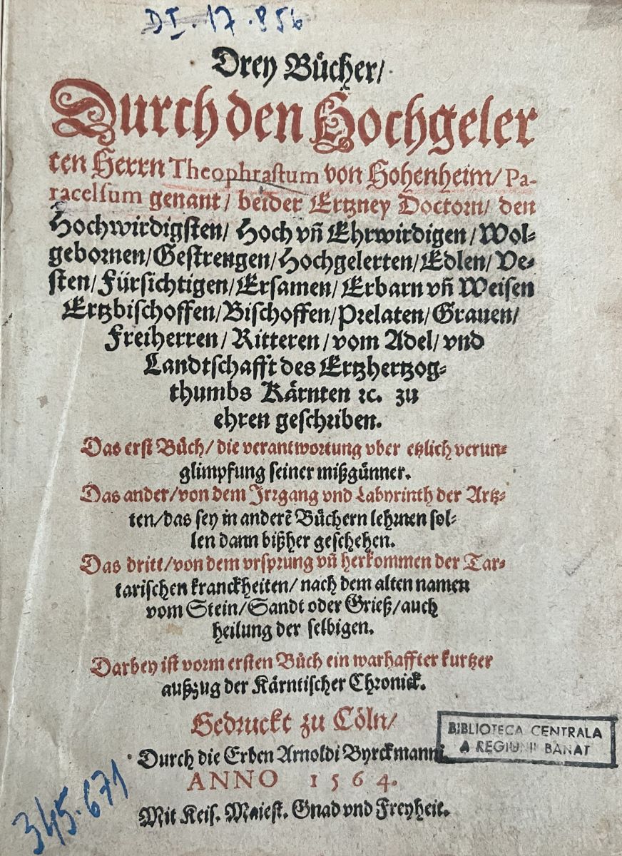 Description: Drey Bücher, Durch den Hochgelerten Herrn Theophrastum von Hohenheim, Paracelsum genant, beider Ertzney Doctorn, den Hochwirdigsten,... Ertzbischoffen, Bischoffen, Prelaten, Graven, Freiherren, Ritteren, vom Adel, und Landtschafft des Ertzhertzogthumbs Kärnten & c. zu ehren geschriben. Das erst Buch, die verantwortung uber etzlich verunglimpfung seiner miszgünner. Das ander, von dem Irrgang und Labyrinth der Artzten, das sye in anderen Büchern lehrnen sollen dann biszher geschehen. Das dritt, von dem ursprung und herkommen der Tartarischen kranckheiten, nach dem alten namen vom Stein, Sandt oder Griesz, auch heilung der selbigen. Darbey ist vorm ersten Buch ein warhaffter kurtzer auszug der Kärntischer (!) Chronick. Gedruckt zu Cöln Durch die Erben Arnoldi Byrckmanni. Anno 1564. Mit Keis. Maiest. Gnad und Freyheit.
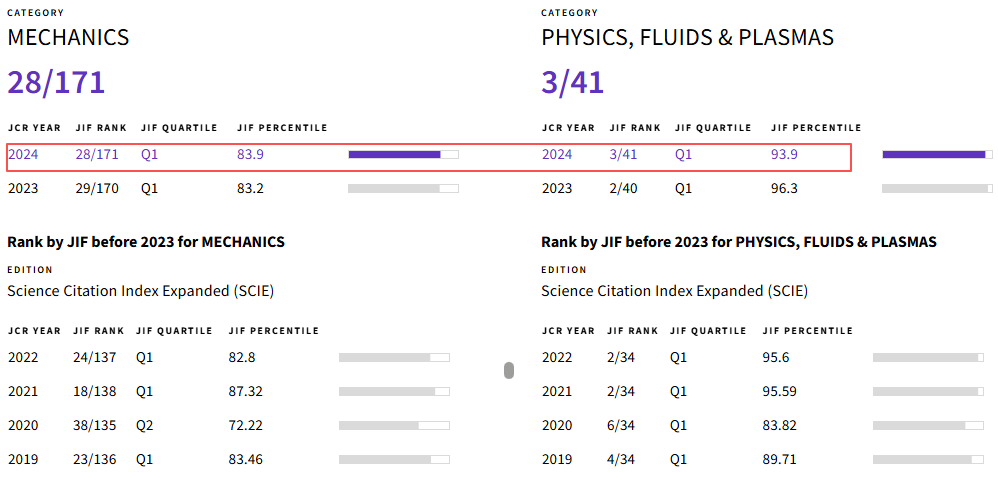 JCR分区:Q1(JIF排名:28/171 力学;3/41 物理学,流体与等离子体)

=-=-=

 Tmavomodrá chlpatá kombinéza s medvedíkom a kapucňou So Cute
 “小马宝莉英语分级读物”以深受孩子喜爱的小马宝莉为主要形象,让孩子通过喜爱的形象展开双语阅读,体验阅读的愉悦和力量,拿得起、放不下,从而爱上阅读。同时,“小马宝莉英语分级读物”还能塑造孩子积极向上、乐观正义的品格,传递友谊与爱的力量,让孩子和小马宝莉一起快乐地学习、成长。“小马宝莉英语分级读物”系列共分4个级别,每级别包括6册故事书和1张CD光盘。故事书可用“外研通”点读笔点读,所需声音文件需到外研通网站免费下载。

=-=-=

→ **Goal of the exercise**
From the records above, copy exactly the stretch from the line holding "Description: Drey Bücher, Durch" through the line holding "JCR分区:Q1(JIF排名:28/171 力学;3/41 物理学,流体与等离子体)", both ends included, without the pictures.

→ **Task output**
 Description: Drey Bücher, Durch den Hochgelerten Herrn Theophrastum von Hohenheim, Paracelsum genant, beider Ertzney Doctorn, den Hochwirdigsten,... Ertzbischoffen, Bischoffen, Prelaten, Graven, Freiherren, Ritteren, vom Adel, und Landtschafft des Ertzhertzogthumbs Kärnten & c. zu ehren geschriben. Das erst Buch, die verantwortung uber etzlich verunglimpfung seiner miszgünner. Das ander, von dem Irrgang und Labyrinth der Artzten, das sye in anderen Büchern lehrnen sollen dann biszher geschehen. Das dritt, von dem ursprung und herkommen der Tartarischen kranckheiten, nach dem alten namen vom Stein, Sandt oder Griesz, auch heilung der selbigen. Darbey ist vorm ersten Buch ein warhaffter kurtzer auszug der Kärntischer (!) Chronick. Gedruckt zu Cöln Durch die Erben Arnoldi Byrckmanni. Anno 1564. Mit Keis. Maiest. Gnad und Freyheit.
 JCR分区:Q1(JIF排名:28/171 力学;3/41 物理学,流体与等离子体)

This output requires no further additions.